The blog has been quiet.
I’ve written few words.
Instead, I’ve used a brush (and other odd tools).
Flora Bowley and Whitney Freya have been my inspiration. “Just go to the canvas and paint whatever comes up.”
But what if nothing is coming up? This is the problem I had with writing. Now it was happening with painting.
I went to the canvas anyway and started with a colour I liked, just putting the brush to paint to canvas.
Sometimes I inspired myself — colours and brushstrokes coalesced and magic happened. The only way I could replicate this was by not thinking. Just feeling.
What did colour did I feel like using next?
What shape did I feel like making?
What tool felt right to use?
Did I feel I need to wait and let things settle and dry, or continue on?
After doing this for a few months, I wanted to expand a bit and do something different on the canvas. I wanted to poke or explore other corners of my mind. Maybe even develop some technique. (Gasp!)
I ordered a couple of Flora’s books and roamed Pinterest for inspiration. I even did a couple of free Bold School videos.
Then, when I tried to achieve something on canvas I saw elsewhere, of course it never turned out the way I wanted it to.
My expectations were dashed, my inspiration shrivelled.
Nothing was coming up inside me and I couldn’t achieve what was outside of me.
Prior to following the The Bold School videos, I’d never painted a face. After following the videos, I was amazed the faces looked human.
Why did this work and other things not?
I trusted that by following the video and Charla’s expert hand, everything I was doing on the canvas would work out eventually. I had released my expectations.
Lo and behold, it worked.
So what was happening when I tried to emulate other artists? Expectations set in. I heard my inside voice saying, “No, that’s not what she’s doing there. I need to do this instead.”
I was saying, “no”.
I was making a judgement.
With the Bold School videos, I was trusting, reserving judgement. I was going along for the ride. I was saying, “yes”.
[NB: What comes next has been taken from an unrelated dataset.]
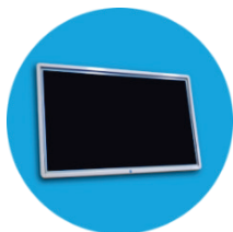
Возможность крепления на стену
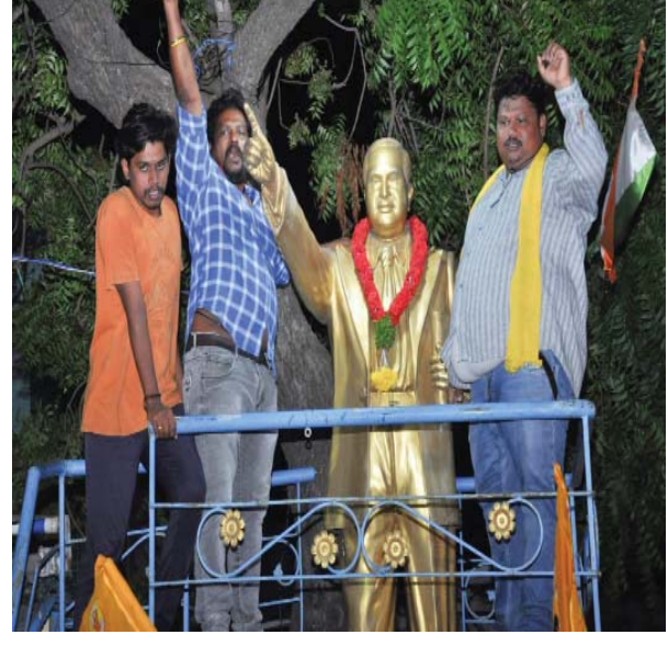
(షణ్ముఖ వెలుగు, ఒంగోలు, జూన్ 13)

And this is exactly what was happening with the paintings I had done that ‘worked’. I had put my brain on hold and just listened to what I felt. I stopped thinking and just played.
When I took a breather yesterday and just sat and looked at the trees, I discovered this also applied to my life. I am an expert at saying “no”.
“No, I shouldn’t do that.”
“No, I shouldn’t buy that.”
“No, I shouldn’t eat that.”
When did I say “yes”? Not often.
I had put so many restrictions on my life that there wasn’t a whole lot I felt I could do. Had this impacted my writing? Maybe. Was this impacting my painting? I decided to find out.
The desire to paint certain shapes, use certain colours was haunting me. But, I thought, no, Flora does this, Whitney does that. So I was saying ‘no’ to what I wanted to do.
Who cares what I paint? I’m painting for me. I’ll paint what I want.
So I started to say “yes”.
And suddenly I saw things begin to change.
The results I started to see were approaching what I wanted, only they were with my style, my voice.
I can now see that saying ‘no’ likely had an impact on my writing. I was saying ‘no’ to plot lines or events that didn’t seem to fit an overall plan in my head. I was forcing character arcs into my own vision. Of course, this overall plan or vision was based on the traditional view of a novel-based story. I wasn’t listening to what my characters wanted to do, what the story wanted to do, and what felt good.
I was thinking way too much.
I needed to just go along for the ride. But most of all, I needed to write what felt right. Who cares if it’s fit for an audience, if it does or doesn’t sell? The reason I started writing (and painting) was for me and me alone. And that’s when writing and painting felt good.
Will I ever get back to creative writing? I honestly don’t know.
I do know that painting is helping me reclaim my sense of self. If that leads to creative writing, all the better. If it doesn’t, then I’m learning to enjoy the ride, right here, right now.